If you love banana bread, tropical cocktails, or sweet breakfast food, you need this homemade banana syrup in your life. It’s made with simple ingredients like ripe bananas, vanilla extract and coconut sugar which gives it that caramelized flavor. Whether you drizzle it over vanilla ice cream, stir it into cold foam, or add it to your morning latte, you’ll want to make this on repeat, I know I am!
Caramelize the bananas. In a saucepan over medium heat, stir together mashed bananas, 2 tablespoon coconut sugar, and vanilla. Cook 3-4 minutes until thickened and fragrant.
Simmer the syrup. Add water and remaining coconut sugar. Stir well and reduce heat to low. Let it simmer uncovered for 30–40 minutes, stirring occasionally, until thickened slightly.

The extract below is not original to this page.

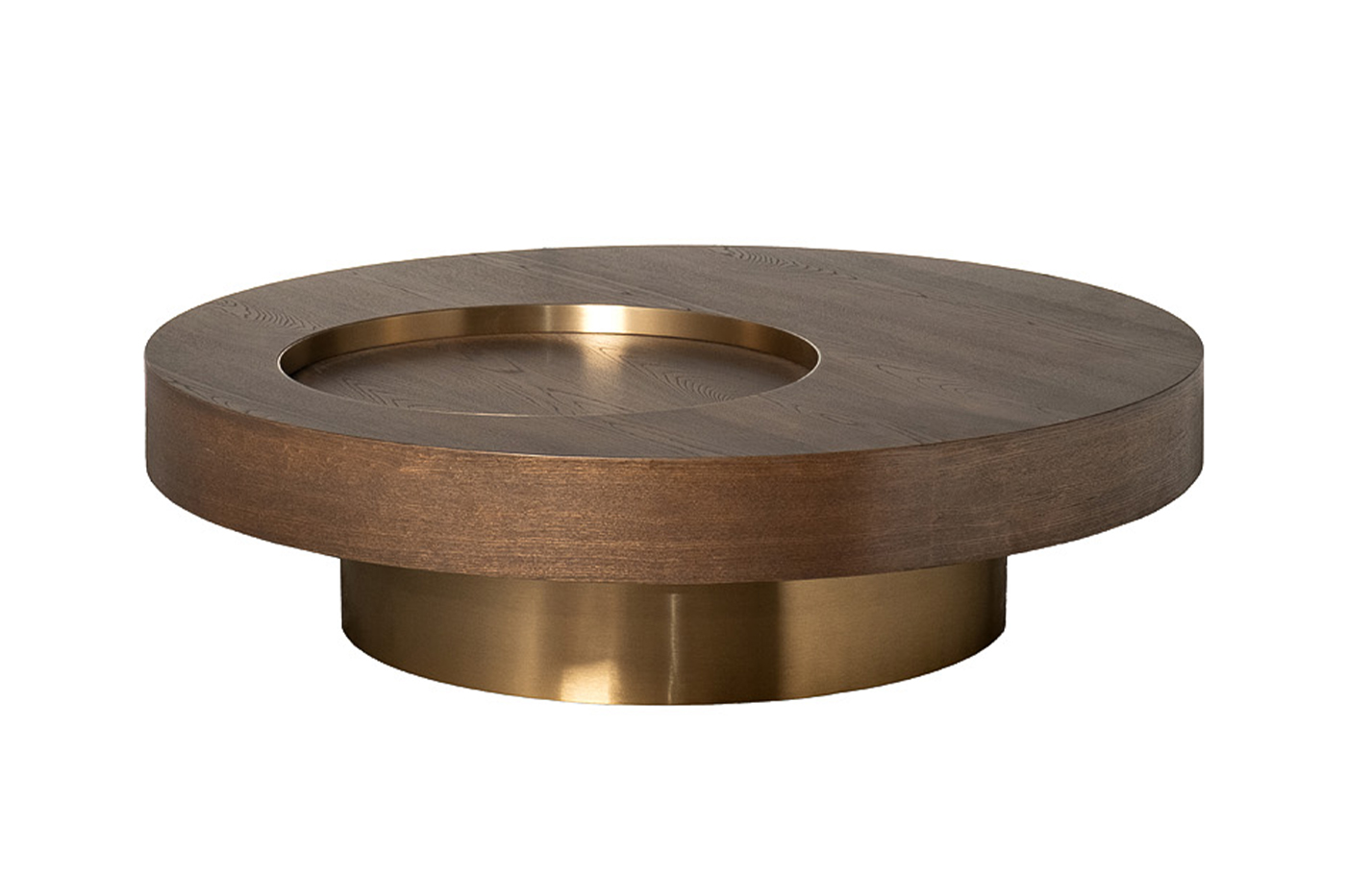 Роскошный круглый журнальный стол станет центром притяжения в гостиной или холле, оформленном в современном стиле. Столешница выполнена из МДФ, отделанного шпоном из натурального дерева. Благородная фактура дерева и теплый оттенок мокко создают ощущение уюта, а встроенная по центру столешницы круглая ниша служит для хранения пультов, журналов или подставки под чашки, бокалы. Массивная круглая опора цвета матового золота придает столу устойчивость и подчеркивает геометрию дизайна.

Strain & store. Pour through a fine mesh strainer to remove banana chunks. Transfer to a mason jar or other heat-proof, airtight container and let cool to room temperature before storing in the fridge for up to 2 weeks.
Notes
Expert Tips & Tricks
Let the syrup cool completely before sealing to avoid condensation.
If you like a thinner syrup add 2-3 extra tablespoons of water while simmering.
Always be sure to use equal parts coconut sugar & water after caramelizing the bananas. If you use too much water the syrup will not thicken and you'll just have banana flavored water!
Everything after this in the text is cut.